Верочка на мгновение зависает, видимо, пытается сопоставить Тимура и работу с крышей. Судя по недоверчивому выражению, музыкант и крыша друг другу параллельны и, как прямые, никогда не пересекаются.
– Тимур. Крышу. Ага. Ясно, – наконец, кивает девушка и вздыхает. – Тогда иди на кухню, там пироги еще остались и салаты. Поешь, а то ведь всё голодный…
Ее лицо снова озаряет улыбка. На этот раз настоящая, теплая, искренняя, хоть и уставшая. Серый улыбается в ответ, хотя не чувствует и доли той уверенности, которую показывает.
Василек успокаивается лишь через полчаса, когда Михась вливает в него остатки коньяка, а потом уходит в ванную, где долго-долго отмывается. Уже ближе к вечеру, когда жара спадает, а солнце начинает клониться ближе к закату, уже спокойный Василек выходит. Он благоухает мылом и шампунем и с наслаждением вертит головой. Роскошная темная коса обрезана под самый корень, затылок выбрит машинкой почти под ноль, только пряди спереди обрамляют лицо и опускаются до ушей. Выглядит непривычно. С такой стрижкой Василий кажется моложе. Если бы Серый не знал, что они с Михасем одноклассники, то решил бы, что Васильку не больше двадцати пяти.
– Как легко-то! – с наслаждением
На фоне темно-синего просторного халата его болезненная худоба видна особенно сильно. Жилистые руки болтаются в рукавах, как язык – в колоколе, а синяки под глазами превращают лицо в подобие черепа. Неформальная стрижка делает его похожим на подростка. Верочка жалостливо вздыхает и тут же усаживает Василька за стол. Он ест медленно, аккуратно, наслаждаясь каждым кусочком. Михась наливает себе чай и садится рядом. Темная состриженная коса, перехваченная простенькой резинкой, ложится в пакет.
– А почему раньше не обрезал? – спрашивает Серый. – И зачем тебе волосы?
– Не спрашивай, – вместо Василия отвечает Михась. – Вась, место мы тебе тут найдем. Но если хочешь, можешь и в отдельный дом поселиться.
– Не надо отдельный дом, – возражает Василек. – Я лучше здесь, со всеми. А волосы… – он улыбается Серому. – Жалко выбрасывать.
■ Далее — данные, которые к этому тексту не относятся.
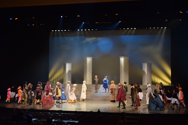 階段の途中にたつ茶色の衣装と青と紫の衣装を着た2人のほうを他の様々な衣装をきた出演者の人達がみている写真 拡大画像 (JPEG: 94.2KB)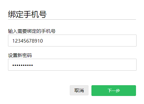 接着,来到绑定页面后,我们可以看到【手机号】那一栏右边有【添加手机号】按钮,点击后弹出手机号绑定框。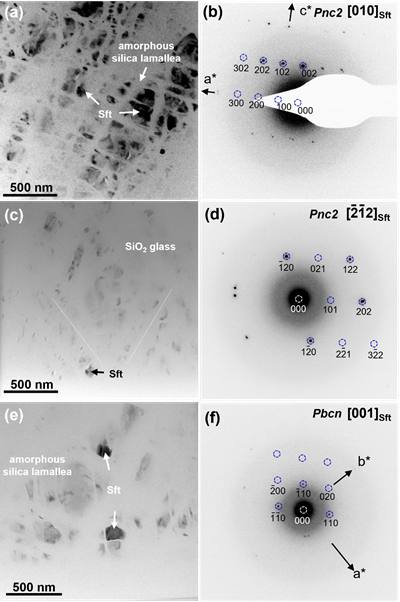 圖3. 賽石英的透射電子顯微鏡的明場像(a、c和e)和選區電子衍射花樣(b、d和f)
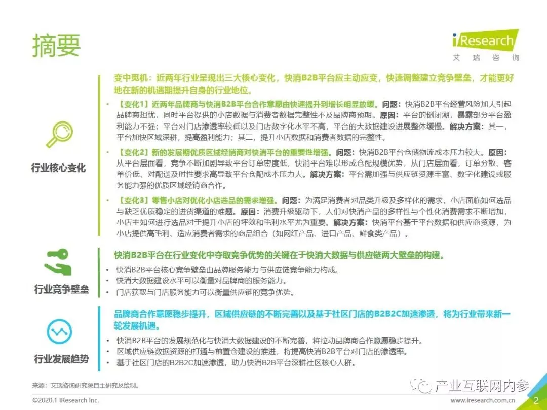 报告对快消品B2B行业发展中的核心变化及新机遇的把握进行系统地研究。通过行业三大核心变化以及相应行业问题的系统分析,指明行业问题的解决路径。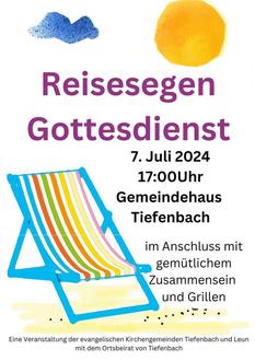| 17.00 Uhr | Reisesegen-Gottesdienst mit Superintendent Dr. Hartmut Sitzler im Gemeindehaus Tiefenbach |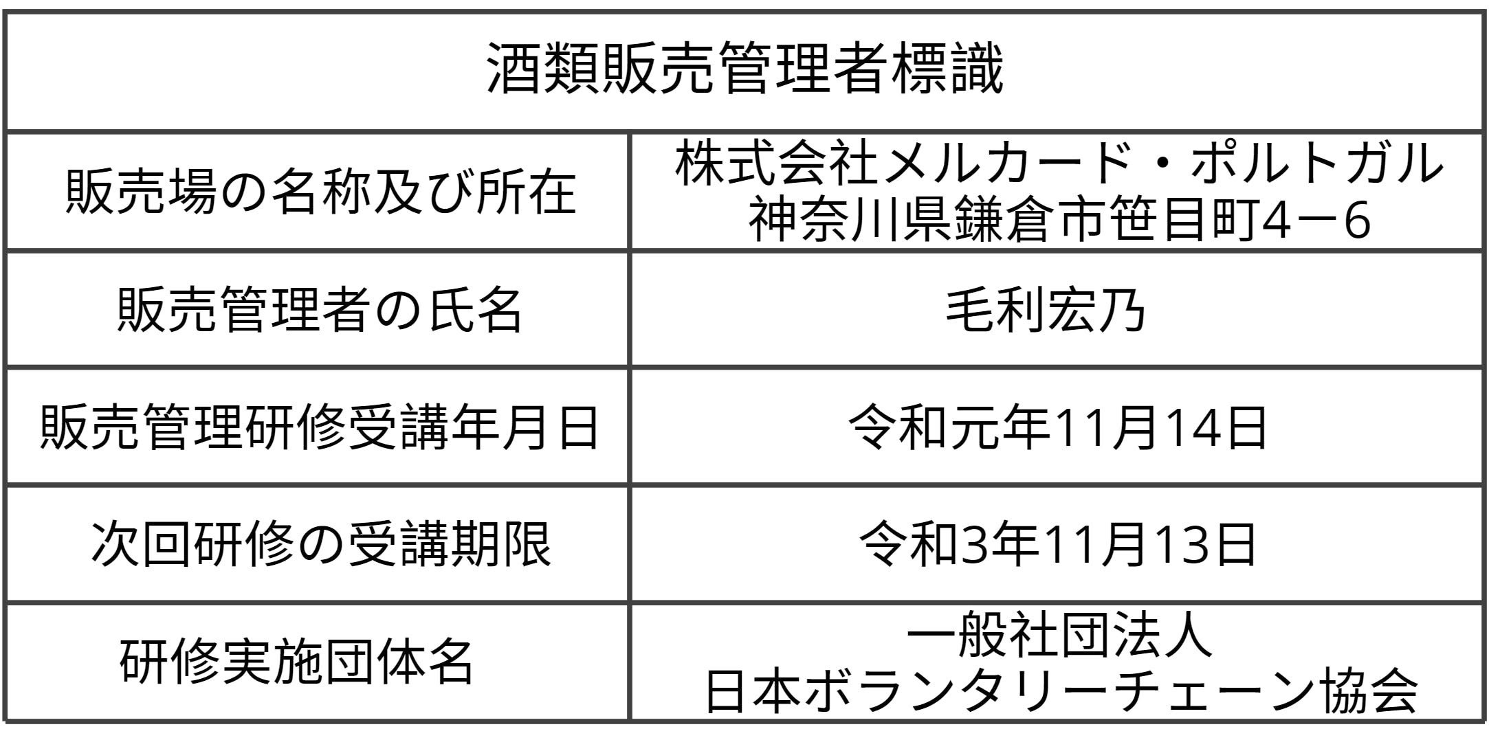 様の協力で実施させていただきます。酒類販売免許番号・管理者標識・は以下の通りです。

Может, пригодятся?
Как и зачем могут понадобиться обрезанные волосы, Серый не представляет. Но по большому счету ему это безразлично, поэтому он кивает и замолкает.
– Тогда, наверное, тебе лучше поселиться с Прапором, – неуверенно говорит Верочка. – У него большой кабинет, есть место. А! Еще мы в кладовке матрац нашли. Хороший такой, большой. Его можно на пол положить, получится почти как кровать.
Василек пожимает плечами и поглядывает в окно.
Михась ненавязчиво двигается поближе к Васильку.
– Я думал, что ты… Что больше тебя не увижу. С твоей работой ты должен был пропасть одним из первых…
Василек дергает уголком рта то ли в неловкой улыбке, то ли в усмешке и опускает взгляд в чашку.
– А кем ты работал? – уточняет мама.
– У тебя замечательные серьги, Марина, – Василек подмигивает. Кривая усмешка перерастает в слабую улыбку. – Очень изящное серебряное обрамление. Видно, что делали на заказ, вручную. Судя по оттенку и огранке, это либо изумруды, либо качественная имитация. Если разрешишь взглянуть поближе, то я смогу определить точно.
Мама рассеянно трогает сережку.
– Это изумруды. От бабушки достался браслет, но большую часть камней она и прадед продали в голодные годы. Сын заказал переделку под серьги у какого-то знакомого… Ты ювелир?
Василек подпирает голову рукой и кивает. Из его тощей груди вырывается вздох.
– Только толку от этой профессии сейчас нет.
– Вообще, это очень настораживает, – говорит Прапор. – Михась заказал у хозяев оружие и патроны – на следующий день приходишь ты с компанией. Вы точно никого не встречали и ничего не получали?
– Нет, ничего не было, – мотает головой Василек. – Мы просто шли по трассе. Даже не заметили, как кончилась хмарь.
– И после хмари оказались здесь? – уточняет мама.